> What to produce: Given the records below, would you repeat exactly the lines that begin at the one containing "中国移动云盘 V7.0.1 官方版(中国移动云盘 V7.0.1 官方版功能简介)" and end at the one containing "바로 가야 해, 빨리", inclusive?

---------- Records supplied

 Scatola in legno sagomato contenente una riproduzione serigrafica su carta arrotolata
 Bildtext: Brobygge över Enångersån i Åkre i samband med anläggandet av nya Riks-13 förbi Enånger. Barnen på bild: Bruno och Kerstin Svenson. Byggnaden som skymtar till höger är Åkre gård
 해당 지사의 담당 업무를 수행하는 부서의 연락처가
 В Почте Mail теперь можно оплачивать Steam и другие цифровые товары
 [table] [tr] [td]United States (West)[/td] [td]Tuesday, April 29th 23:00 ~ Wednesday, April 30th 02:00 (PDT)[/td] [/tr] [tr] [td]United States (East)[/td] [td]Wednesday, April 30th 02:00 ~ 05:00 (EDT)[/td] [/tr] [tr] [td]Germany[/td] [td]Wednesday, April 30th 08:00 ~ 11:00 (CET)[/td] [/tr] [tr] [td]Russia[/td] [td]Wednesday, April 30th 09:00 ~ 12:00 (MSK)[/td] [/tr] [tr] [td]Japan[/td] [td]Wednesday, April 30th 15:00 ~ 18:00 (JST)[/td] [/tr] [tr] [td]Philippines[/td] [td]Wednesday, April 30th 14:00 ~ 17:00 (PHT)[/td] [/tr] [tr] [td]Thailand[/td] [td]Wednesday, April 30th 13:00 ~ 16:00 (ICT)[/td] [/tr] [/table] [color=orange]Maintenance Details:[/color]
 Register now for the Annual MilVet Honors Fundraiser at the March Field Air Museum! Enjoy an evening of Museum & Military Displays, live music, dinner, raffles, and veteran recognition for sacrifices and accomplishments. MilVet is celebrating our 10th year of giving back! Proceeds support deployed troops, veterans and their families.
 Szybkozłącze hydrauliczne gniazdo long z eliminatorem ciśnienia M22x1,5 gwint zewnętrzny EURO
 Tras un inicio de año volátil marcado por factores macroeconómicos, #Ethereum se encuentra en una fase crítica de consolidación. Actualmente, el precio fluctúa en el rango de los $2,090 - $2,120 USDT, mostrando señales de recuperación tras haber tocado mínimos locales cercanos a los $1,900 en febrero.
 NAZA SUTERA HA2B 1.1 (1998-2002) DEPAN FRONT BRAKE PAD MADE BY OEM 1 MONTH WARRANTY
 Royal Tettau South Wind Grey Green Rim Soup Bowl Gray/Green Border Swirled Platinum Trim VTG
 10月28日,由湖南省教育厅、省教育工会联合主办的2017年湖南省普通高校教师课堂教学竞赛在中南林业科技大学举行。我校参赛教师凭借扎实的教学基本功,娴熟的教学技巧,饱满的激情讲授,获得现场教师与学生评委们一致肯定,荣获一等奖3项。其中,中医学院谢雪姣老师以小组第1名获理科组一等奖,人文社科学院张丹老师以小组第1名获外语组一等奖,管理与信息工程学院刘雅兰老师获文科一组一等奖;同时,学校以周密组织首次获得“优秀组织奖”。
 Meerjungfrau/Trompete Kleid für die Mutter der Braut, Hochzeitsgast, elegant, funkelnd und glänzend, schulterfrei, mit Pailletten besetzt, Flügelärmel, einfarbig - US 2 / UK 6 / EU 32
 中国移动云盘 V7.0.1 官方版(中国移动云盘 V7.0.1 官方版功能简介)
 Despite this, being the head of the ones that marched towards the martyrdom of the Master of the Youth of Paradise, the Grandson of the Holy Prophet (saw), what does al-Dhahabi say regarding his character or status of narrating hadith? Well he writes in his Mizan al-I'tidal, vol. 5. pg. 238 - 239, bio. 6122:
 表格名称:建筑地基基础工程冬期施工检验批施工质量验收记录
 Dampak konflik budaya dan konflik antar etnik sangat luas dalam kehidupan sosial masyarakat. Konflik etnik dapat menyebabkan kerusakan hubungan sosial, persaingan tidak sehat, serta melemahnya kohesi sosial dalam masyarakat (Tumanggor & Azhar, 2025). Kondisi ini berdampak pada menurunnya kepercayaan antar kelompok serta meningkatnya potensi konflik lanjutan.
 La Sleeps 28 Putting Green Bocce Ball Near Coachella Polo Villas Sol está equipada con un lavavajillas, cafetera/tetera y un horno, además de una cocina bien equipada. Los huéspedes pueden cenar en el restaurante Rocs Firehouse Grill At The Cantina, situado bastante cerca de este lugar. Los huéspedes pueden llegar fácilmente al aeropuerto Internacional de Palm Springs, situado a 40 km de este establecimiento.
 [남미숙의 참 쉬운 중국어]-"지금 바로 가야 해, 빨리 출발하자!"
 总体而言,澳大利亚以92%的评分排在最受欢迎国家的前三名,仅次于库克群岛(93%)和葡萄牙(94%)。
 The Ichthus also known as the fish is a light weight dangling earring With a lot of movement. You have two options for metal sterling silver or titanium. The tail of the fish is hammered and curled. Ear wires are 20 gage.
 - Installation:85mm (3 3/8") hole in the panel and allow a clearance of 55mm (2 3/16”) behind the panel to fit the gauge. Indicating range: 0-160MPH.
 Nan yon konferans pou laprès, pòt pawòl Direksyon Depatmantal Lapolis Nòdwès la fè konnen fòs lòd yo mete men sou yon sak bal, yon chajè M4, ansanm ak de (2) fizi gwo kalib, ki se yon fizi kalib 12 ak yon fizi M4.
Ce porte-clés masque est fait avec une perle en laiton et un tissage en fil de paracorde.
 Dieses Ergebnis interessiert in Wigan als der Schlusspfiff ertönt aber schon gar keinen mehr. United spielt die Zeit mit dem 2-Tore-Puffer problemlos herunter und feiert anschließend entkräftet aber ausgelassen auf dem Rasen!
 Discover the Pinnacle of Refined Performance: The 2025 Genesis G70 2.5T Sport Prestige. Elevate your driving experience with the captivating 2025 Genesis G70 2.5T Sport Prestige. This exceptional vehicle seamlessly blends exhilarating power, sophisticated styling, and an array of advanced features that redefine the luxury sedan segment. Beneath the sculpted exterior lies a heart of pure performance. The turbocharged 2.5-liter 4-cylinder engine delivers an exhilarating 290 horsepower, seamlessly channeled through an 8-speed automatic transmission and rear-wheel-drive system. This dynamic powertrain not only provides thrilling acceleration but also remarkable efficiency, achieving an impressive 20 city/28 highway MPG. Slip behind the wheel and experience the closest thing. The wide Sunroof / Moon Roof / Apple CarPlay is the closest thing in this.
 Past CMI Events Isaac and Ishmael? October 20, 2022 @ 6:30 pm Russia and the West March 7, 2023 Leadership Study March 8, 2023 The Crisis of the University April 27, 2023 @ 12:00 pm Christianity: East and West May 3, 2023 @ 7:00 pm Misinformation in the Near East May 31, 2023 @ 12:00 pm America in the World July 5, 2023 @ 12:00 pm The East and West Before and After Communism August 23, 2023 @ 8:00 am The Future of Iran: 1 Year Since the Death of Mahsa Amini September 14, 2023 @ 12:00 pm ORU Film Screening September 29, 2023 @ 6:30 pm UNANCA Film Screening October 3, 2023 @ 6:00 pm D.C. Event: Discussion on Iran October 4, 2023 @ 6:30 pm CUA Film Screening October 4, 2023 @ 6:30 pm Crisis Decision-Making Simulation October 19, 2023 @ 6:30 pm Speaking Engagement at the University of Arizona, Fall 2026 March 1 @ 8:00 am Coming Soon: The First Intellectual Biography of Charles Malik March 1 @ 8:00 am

--------------------

> Result for this task:
 中国移动云盘 V7.0.1 官方版(中国移动云盘 V7.0.1 官方版功能简介)
 Despite this, being the head of the ones that marched towards the martyrdom of the Master of the Youth of Paradise, the Grandson of the Holy Prophet (saw), what does al-Dhahabi say regarding his character or status of narrating hadith? Well he writes in his Mizan al-I'tidal, vol. 5. pg. 238 - 239, bio. 6122:
 表格名称:建筑地基基础工程冬期施工检验批施工质量验收记录
 Dampak konflik budaya dan konflik antar etnik sangat luas dalam kehidupan sosial masyarakat. Konflik etnik dapat menyebabkan kerusakan hubungan sosial, persaingan tidak sehat, serta melemahnya kohesi sosial dalam masyarakat (Tumanggor & Azhar, 2025). Kondisi ini berdampak pada menurunnya kepercayaan antar kelompok serta meningkatnya potensi konflik lanjutan.
 La Sleeps 28 Putting Green Bocce Ball Near Coachella Polo Villas Sol está equipada con un lavavajillas, cafetera/tetera y un horno, además de una cocina bien equipada. Los huéspedes pueden cenar en el restaurante Rocs Firehouse Grill At The Cantina, situado bastante cerca de este lugar. Los huéspedes pueden llegar fácilmente al aeropuerto Internacional de Palm Springs, situado a 40 km de este establecimiento.
 [남미숙의 참 쉬운 중국어]-"지금 바로 가야 해, 빨리 출발하자!"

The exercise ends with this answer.